The Protection of Underwater Cultural Heritage Center
- Founded: 2020
- Location: Saudi Arabia;

= The Protection of Underwater Cultural Heritage Center in Saudi Arabia =

The Protection of Underwater Cultural Heritage Center in Saudi Arabia is a center affiliated with the Heritage Commission, a key entity operating under the Saudi Ministry of Culture. Established in November 2020, the center's executive strategy was launched in August 2022, with the aim of preserving and discovering underwater cultural heritage. It operates in collaboration with several local and global universities, including King Abdullah University of Science and Technology (KAUST) and its Red Sea Research Center, King Abdulaziz University in Jeddah and the University of Naples “L’Orientale.”

== Discovered Sites ==
The Heritage Commission undertook its underwater survey of the area between Ras Al-Sheikh Hamid and the Umluj shipwreck from 13 July to 5 September 2022, which led to the discovery of 25 archaeological sites spanning the northeastern Saudi city of Tabuk, namely Ras Al-Sheikh Hamid at the tip of the Gulf of Aqaba, Duba Governorate, Al-Wajh Governorate and Umluj Governorate.

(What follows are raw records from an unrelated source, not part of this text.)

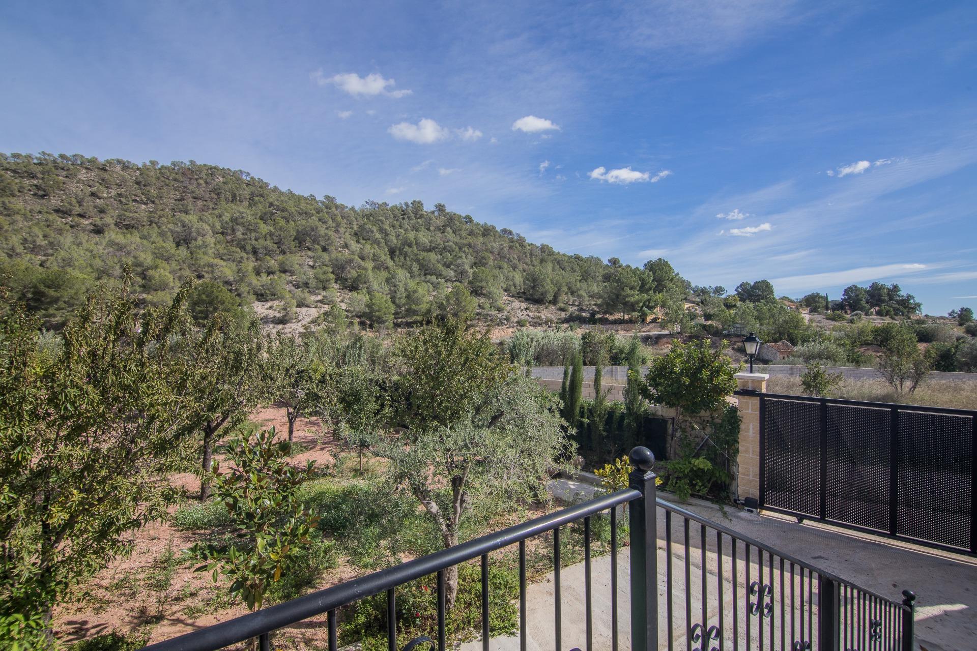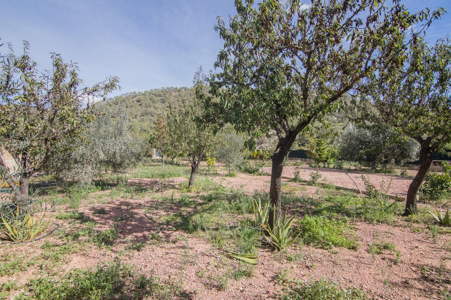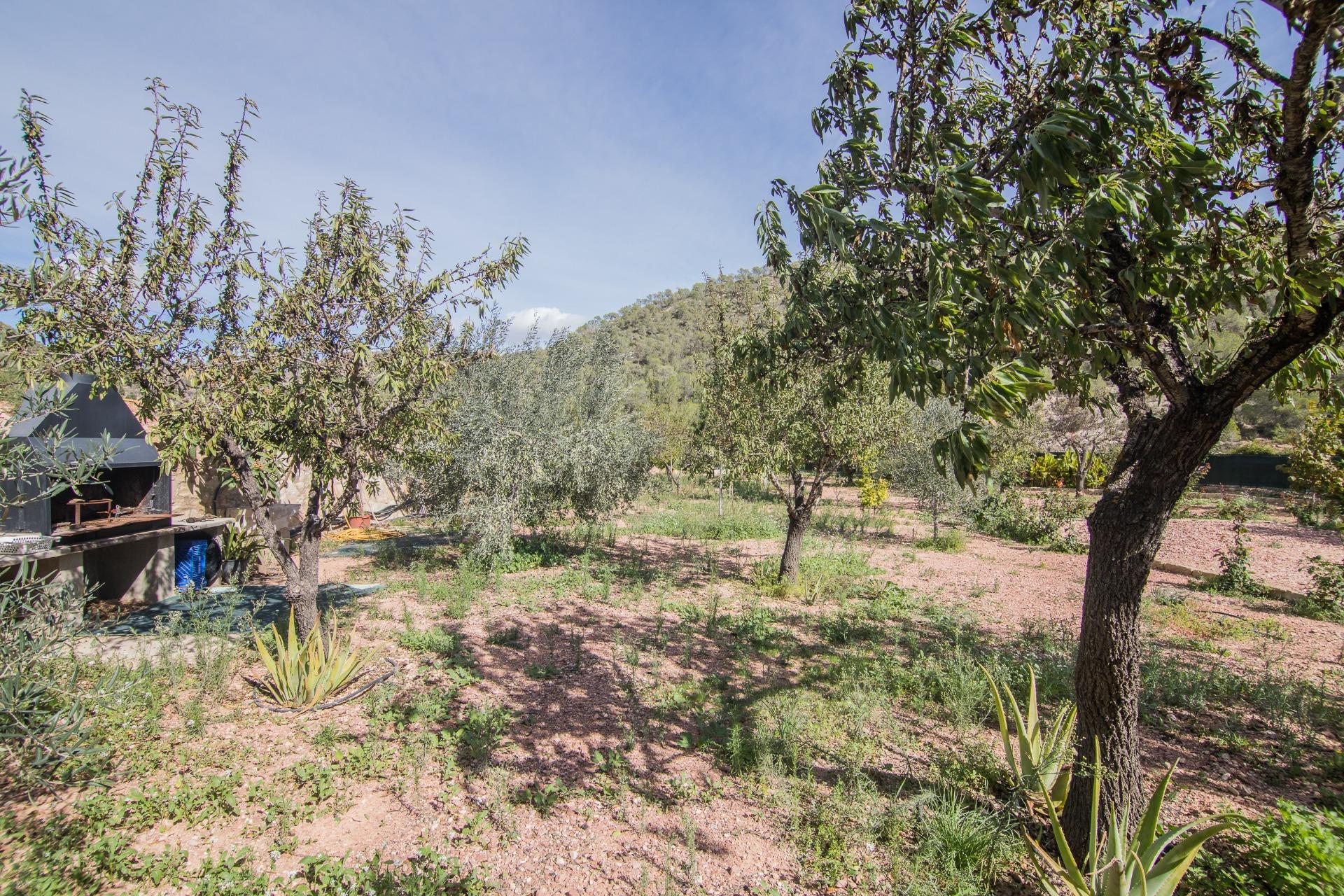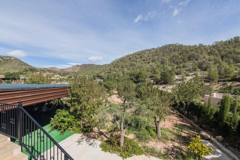 Fuera, más de 1.400 m² de parcela independiente te esperan con vistas abiertas a la montaña, rodeada de vegetación mediterránea y caminos que invitan a caminar, respirar y reconectar.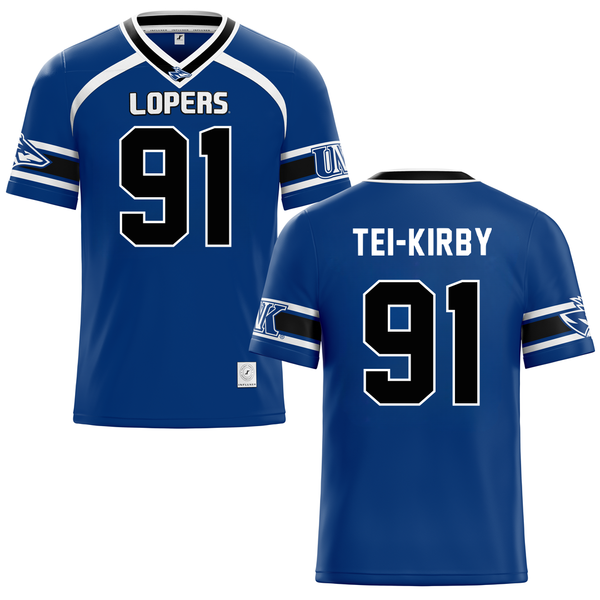 University of Nebraska at Kearney Blue Football Jersey - #91 Wayne Tei-Kirby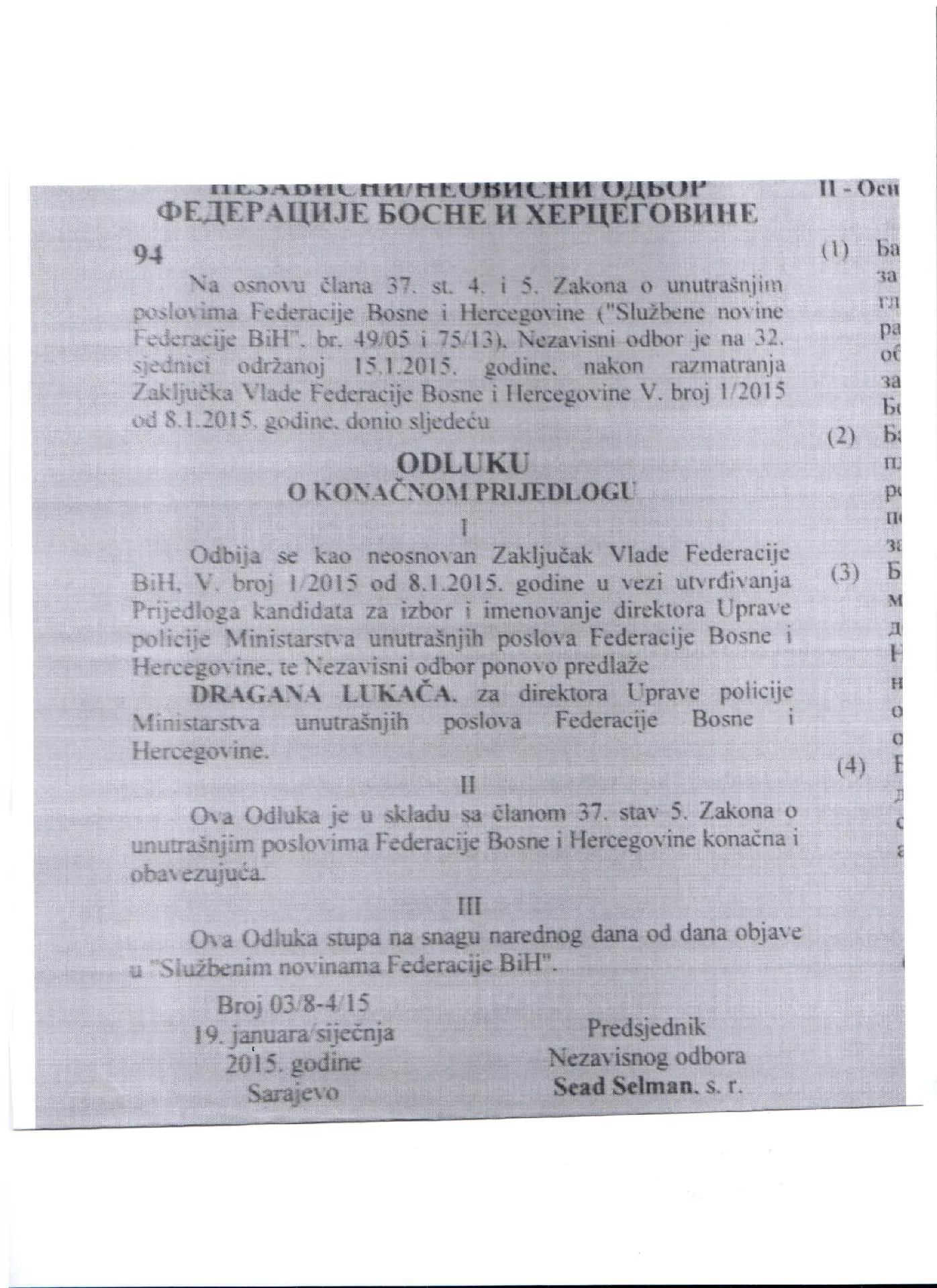 Kome je to prijedlog, kome predlaže Lukača za direktora, kada u Odluci stoji da stupa na snagu narednog dana od dana objave u Službenim novinama Federacije BiH.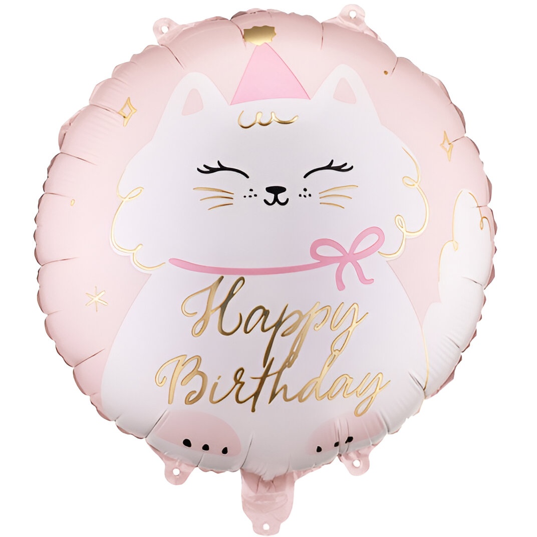 Ballon en foil de forme ronde avec un motif de chaton et l'inscription « Happy Birthday » en détails dorés. Couleurs mixtes aux tonalités douces, pensées pour les célébrations d'enfants.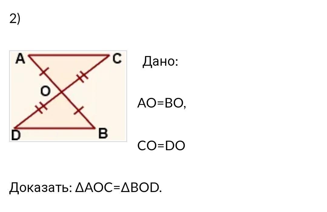Док-во: треугольник AOC = треуг. BOD т.к. АО=ВО, СО=DO, угол АОС = углу DOB (т.к. они вертикальные) (первый признак равенства треугольников).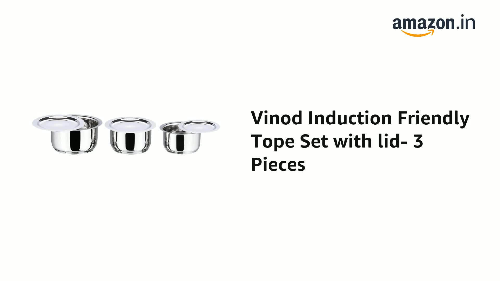 Vinod Stainless Steel 3 pc Tope Set with Capacity of 1.4 litres 1.8 litres & 2.2 litres with Stainle
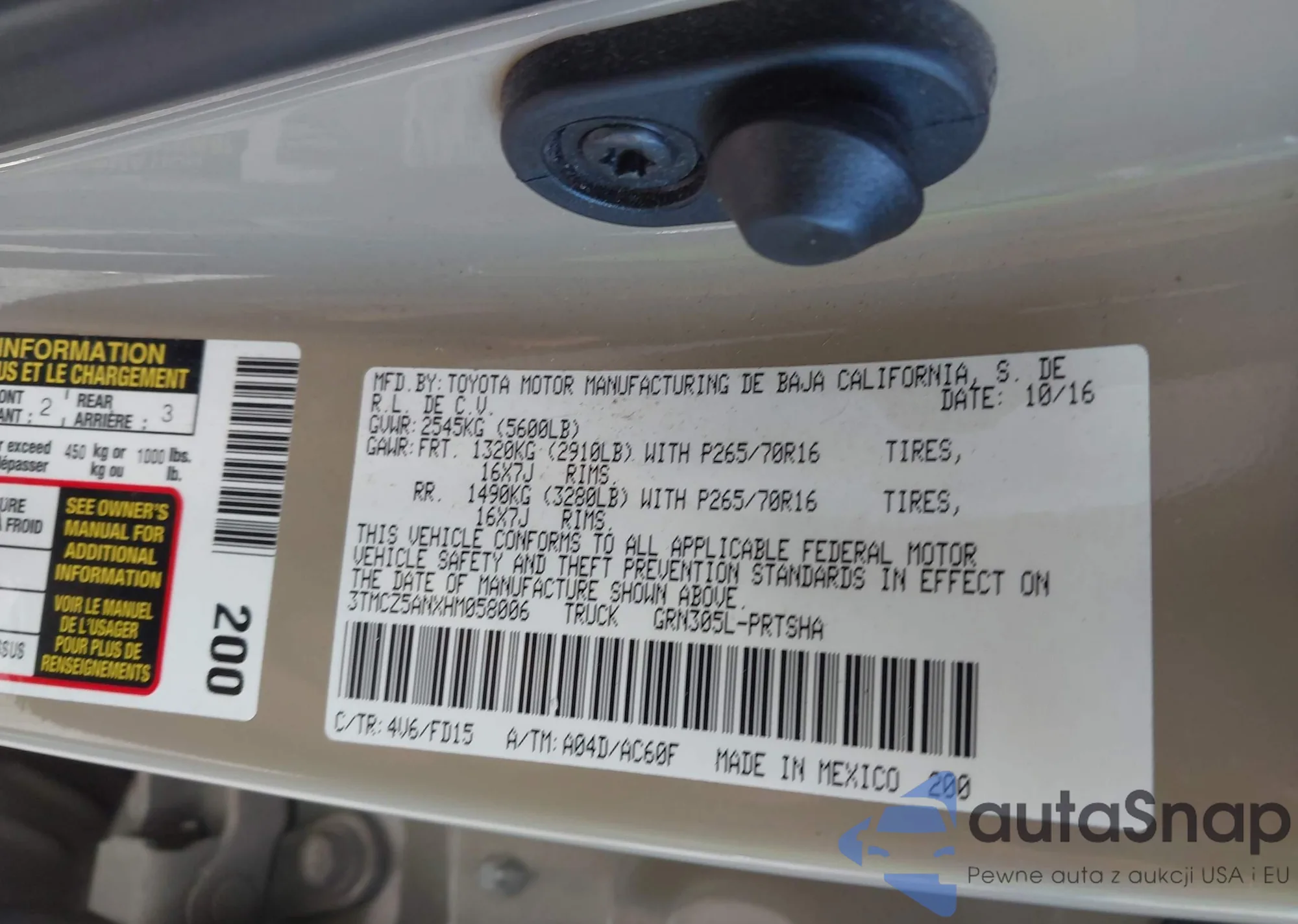 • VIN 3TMCZ5ANXHM058006

== Discovery of Umluj Shipwreck ==
The Umluj shipwreck area was previously surveyed in a collaborative effort by the Heritage Commission and an Italian team from the University of Naples “L’Orientale” in 2015 and 2016, which determined that the wreck dates back over 100 years. During the latest survey, the vessel's visible remains were cleaned. A mound of pottery, hundreds of high-quality Chinese porcelain pieces and various metals were unearthed around the wreck site, which was a part of the ship's cargo.